A vida vence a morte. Sempre! A luz pode mais do que a escuridão, a comunhão é mais forte do que o isolamento, a ternura ganha à violência… De certeza que na tua vida há algo de sombra, de tristeza, de desânimo… permite-te acolher a boa notícia da Ressurreição, que te diz que até isso se pode iluminar. Acredita!
• CRER NO RESSUSCITADO é resistirmos a aceitar que a nossa vida é só um pequeno parêntesis entre dois imensos vazios. Apoiando-nos em Jesus, ressuscitado por Deus, intuímos, desejamos e acreditamos que Deus está conduzindo à sua verdadeira plenitude o anseio de vida, de justiça e de paz que se encontra no coração da humanidade e de toda a criação.
• CRER NO RESSUSCITADO é rebelarmo-nos com todas as nossas forças contra o facto de que essa imensa maioria de homens, mulheres e crianças, que só conheceram nesta vida miséria, humilhação e sofrimentos, fique esquecida para sempre.
• CRER NO RESSUSCITADO é confiar numa vida em que não haverá pobreza nem dor, ninguém estará triste, ninguém terá de chorar.
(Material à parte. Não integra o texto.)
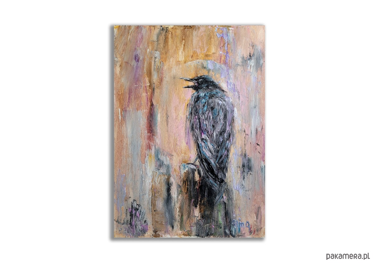 Obraz olejny ręcznie malowany "Kruk"

• CRER NO RESSUSCITADO é acercarmo-nos com esperança de tantas pessoas sem saúde, enfermos crónicos, incapacitados físicos e psíquicos, pessoas caídas na depressão, cansadas de viver e de lutar. Um dia conhecerão o que é viver com paz e saúde total. Escutarão as palavras do Pai: «Entra para sempre no gozo do teu Senhor».
• CRER NO RESSUSCITADO é confiar em que os nossos esforços por um mundo mais humano e ditoso, não se perderão no vazio.
• CRER NO RESSUSCITADO é saber que tudo o que ficou a meio, o que não pode ser, o que estropiámos com nossa torpeza e pecado, tudo alcançará em Deus a sua plenitude. Nada se perderá do que vivemos com amor ou do que renunciámos por amor.
• CRER NO RESSUSCITADO é esperar que as horas alegres e as experiências amargas, as «pegadas» que deixamos nas pessoas e nas coisas, o que construímos por amor, ficará transfigurado. Já não conheceremos a amizade que termina, a festa que se acaba nem a despedida que entristece. Deus será tudo em todos.
• CRER NO RESSUSCITADO é acreditar que um dia escutaremos estas incríveis palavras que o livro do Apocalipse põe nos lábios de Deus: «Eu sou o Alfa e o Ómega, o Princípio e o Fim. Ao que tiver sede, Eu lhe darei a beber de graça, da nascente da água da vida». Já não haverá morte nem pranto, não haverá gritos nem fadigas, porque tudo isso terá passado.
Celebrar a Páscoa é encontrar um oásis no deserto que atravessamos. É descobrir a luz que ilumina as trevas do tempo presente. É descobrir o que é realmente importante (vital). A nossa força toda está na esperança que a ressurreição nos trás.
Santa e verdadeira Páscoa para todos
Com o médico divino - Cristo que vive, ontem, hoje e sempre!